= DESCRIPTION OF THE TASK =
Give the listing again exactly, omitting its images.

= INPUT DATA =
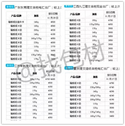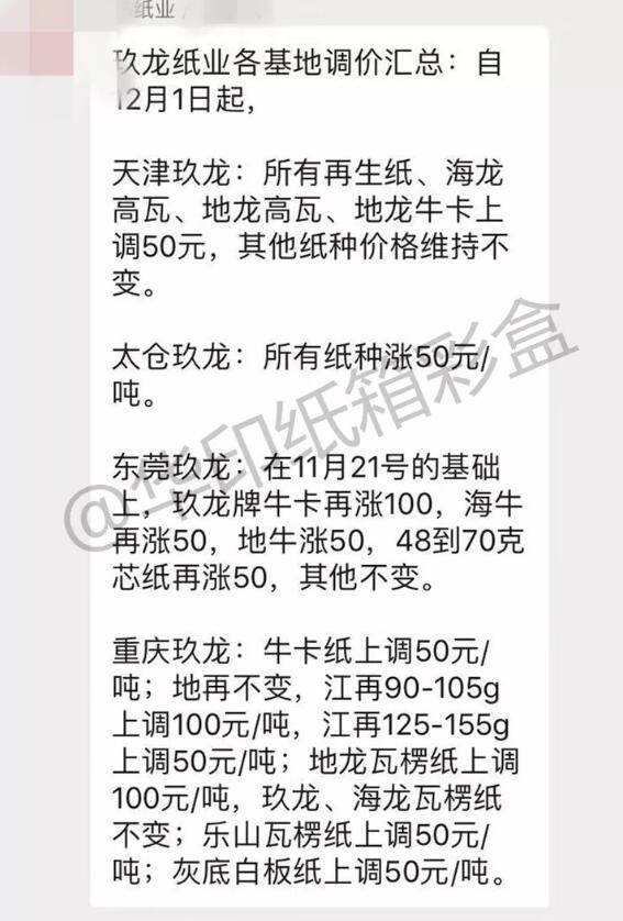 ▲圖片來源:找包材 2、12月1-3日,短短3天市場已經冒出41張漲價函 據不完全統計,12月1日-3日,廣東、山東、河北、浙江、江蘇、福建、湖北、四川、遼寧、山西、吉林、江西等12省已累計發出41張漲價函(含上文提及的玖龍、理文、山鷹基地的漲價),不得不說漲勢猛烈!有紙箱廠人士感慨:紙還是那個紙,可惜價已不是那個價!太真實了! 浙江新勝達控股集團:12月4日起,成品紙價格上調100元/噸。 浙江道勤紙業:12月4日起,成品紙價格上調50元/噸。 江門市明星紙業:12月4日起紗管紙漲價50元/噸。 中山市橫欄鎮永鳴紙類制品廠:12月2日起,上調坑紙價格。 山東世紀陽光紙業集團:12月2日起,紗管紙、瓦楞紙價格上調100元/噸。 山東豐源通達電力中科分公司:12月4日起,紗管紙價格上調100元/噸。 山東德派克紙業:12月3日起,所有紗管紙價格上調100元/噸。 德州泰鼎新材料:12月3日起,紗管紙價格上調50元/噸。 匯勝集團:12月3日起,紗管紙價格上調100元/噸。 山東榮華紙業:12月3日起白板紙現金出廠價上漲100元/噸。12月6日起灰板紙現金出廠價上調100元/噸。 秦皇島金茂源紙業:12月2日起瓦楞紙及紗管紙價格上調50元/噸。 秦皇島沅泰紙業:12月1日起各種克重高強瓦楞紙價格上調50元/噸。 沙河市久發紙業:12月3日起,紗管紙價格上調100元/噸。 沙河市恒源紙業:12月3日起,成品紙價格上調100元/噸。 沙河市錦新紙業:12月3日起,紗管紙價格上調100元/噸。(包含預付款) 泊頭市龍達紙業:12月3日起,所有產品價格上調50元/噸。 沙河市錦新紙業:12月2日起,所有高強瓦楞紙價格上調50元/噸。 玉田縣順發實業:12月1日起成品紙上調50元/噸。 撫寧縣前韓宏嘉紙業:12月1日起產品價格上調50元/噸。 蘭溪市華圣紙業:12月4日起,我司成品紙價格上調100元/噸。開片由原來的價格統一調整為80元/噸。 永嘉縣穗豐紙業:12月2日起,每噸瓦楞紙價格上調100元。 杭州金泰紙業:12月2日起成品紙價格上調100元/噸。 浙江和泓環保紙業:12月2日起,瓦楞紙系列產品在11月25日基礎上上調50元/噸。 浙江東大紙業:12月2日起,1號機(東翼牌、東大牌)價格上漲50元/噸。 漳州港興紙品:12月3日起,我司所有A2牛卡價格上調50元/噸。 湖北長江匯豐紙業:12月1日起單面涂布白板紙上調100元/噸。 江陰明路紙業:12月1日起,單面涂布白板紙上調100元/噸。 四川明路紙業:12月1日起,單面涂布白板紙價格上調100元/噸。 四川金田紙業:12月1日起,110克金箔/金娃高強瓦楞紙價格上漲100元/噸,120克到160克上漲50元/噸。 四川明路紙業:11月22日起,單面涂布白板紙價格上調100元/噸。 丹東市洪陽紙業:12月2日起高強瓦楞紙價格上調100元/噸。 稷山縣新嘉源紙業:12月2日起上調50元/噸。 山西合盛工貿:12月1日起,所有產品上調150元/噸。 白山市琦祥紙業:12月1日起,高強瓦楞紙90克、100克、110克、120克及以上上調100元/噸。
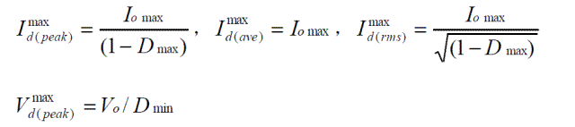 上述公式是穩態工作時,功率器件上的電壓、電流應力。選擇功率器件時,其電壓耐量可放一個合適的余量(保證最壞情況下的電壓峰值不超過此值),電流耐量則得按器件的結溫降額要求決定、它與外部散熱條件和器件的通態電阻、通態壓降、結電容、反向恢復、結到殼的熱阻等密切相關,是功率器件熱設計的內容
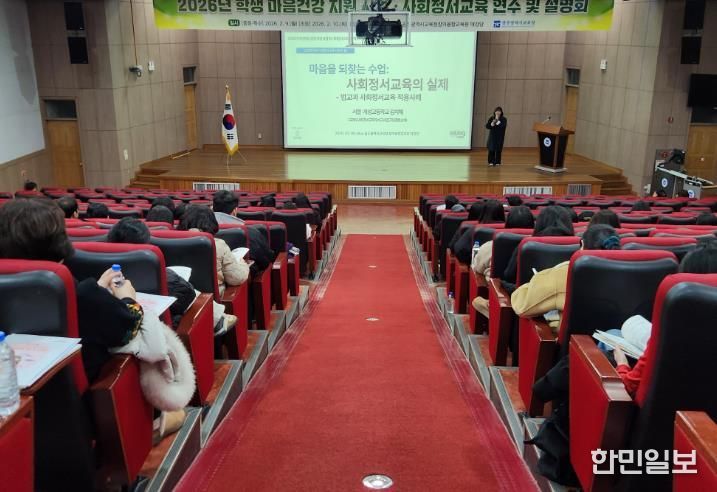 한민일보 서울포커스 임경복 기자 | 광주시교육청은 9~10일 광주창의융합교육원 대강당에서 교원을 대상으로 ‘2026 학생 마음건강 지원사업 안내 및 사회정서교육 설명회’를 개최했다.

= RESPONSE TO THE EXERCISE =
 ▲圖片來源:找包材 2、12月1-3日,短短3天市場已經冒出41張漲價函 據不完全統計,12月1日-3日,廣東、山東、河北、浙江、江蘇、福建、湖北、四川、遼寧、山西、吉林、江西等12省已累計發出41張漲價函(含上文提及的玖龍、理文、山鷹基地的漲價),不得不說漲勢猛烈!有紙箱廠人士感慨:紙還是那個紙,可惜價已不是那個價!太真實了! 浙江新勝達控股集團:12月4日起,成品紙價格上調100元/噸。 浙江道勤紙業:12月4日起,成品紙價格上調50元/噸。 江門市明星紙業:12月4日起紗管紙漲價50元/噸。 中山市橫欄鎮永鳴紙類制品廠:12月2日起,上調坑紙價格。 山東世紀陽光紙業集團:12月2日起,紗管紙、瓦楞紙價格上調100元/噸。 山東豐源通達電力中科分公司:12月4日起,紗管紙價格上調100元/噸。 山東德派克紙業:12月3日起,所有紗管紙價格上調100元/噸。 德州泰鼎新材料:12月3日起,紗管紙價格上調50元/噸。 匯勝集團:12月3日起,紗管紙價格上調100元/噸。 山東榮華紙業:12月3日起白板紙現金出廠價上漲100元/噸。12月6日起灰板紙現金出廠價上調100元/噸。 秦皇島金茂源紙業:12月2日起瓦楞紙及紗管紙價格上調50元/噸。 秦皇島沅泰紙業:12月1日起各種克重高強瓦楞紙價格上調50元/噸。 沙河市久發紙業:12月3日起,紗管紙價格上調100元/噸。 沙河市恒源紙業:12月3日起,成品紙價格上調100元/噸。 沙河市錦新紙業:12月3日起,紗管紙價格上調100元/噸。(包含預付款) 泊頭市龍達紙業:12月3日起,所有產品價格上調50元/噸。 沙河市錦新紙業:12月2日起,所有高強瓦楞紙價格上調50元/噸。 玉田縣順發實業:12月1日起成品紙上調50元/噸。 撫寧縣前韓宏嘉紙業:12月1日起產品價格上調50元/噸。 蘭溪市華圣紙業:12月4日起,我司成品紙價格上調100元/噸。開片由原來的價格統一調整為80元/噸。 永嘉縣穗豐紙業:12月2日起,每噸瓦楞紙價格上調100元。 杭州金泰紙業:12月2日起成品紙價格上調100元/噸。 浙江和泓環保紙業:12月2日起,瓦楞紙系列產品在11月25日基礎上上調50元/噸。 浙江東大紙業:12月2日起,1號機(東翼牌、東大牌)價格上漲50元/噸。 漳州港興紙品:12月3日起,我司所有A2牛卡價格上調50元/噸。 湖北長江匯豐紙業:12月1日起單面涂布白板紙上調100元/噸。 江陰明路紙業:12月1日起,單面涂布白板紙上調100元/噸。 四川明路紙業:12月1日起,單面涂布白板紙價格上調100元/噸。 四川金田紙業:12月1日起,110克金箔/金娃高強瓦楞紙價格上漲100元/噸,120克到160克上漲50元/噸。 四川明路紙業:11月22日起,單面涂布白板紙價格上調100元/噸。 丹東市洪陽紙業:12月2日起高強瓦楞紙價格上調100元/噸。 稷山縣新嘉源紙業:12月2日起上調50元/噸。 山西合盛工貿:12月1日起,所有產品上調150元/噸。 白山市琦祥紙業:12月1日起,高強瓦楞紙90克、100克、110克、120克及以上上調100元/噸。
 上述公式是穩態工作時,功率器件上的電壓、電流應力。選擇功率器件時,其電壓耐量可放一個合適的余量(保證最壞情況下的電壓峰值不超過此值),電流耐量則得按器件的結溫降額要求決定、它與外部散熱條件和器件的通態電阻、通態壓降、結電容、反向恢復、結到殼的熱阻等密切相關,是功率器件熱設計的內容
 한민일보 서울포커스 임경복 기자 | 광주시교육청은 9~10일 광주창의융합교육원 대강당에서 교원을 대상으로 ‘2026 학생 마음건강 지원사업 안내 및 사회정서교육 설명회’를 개최했다.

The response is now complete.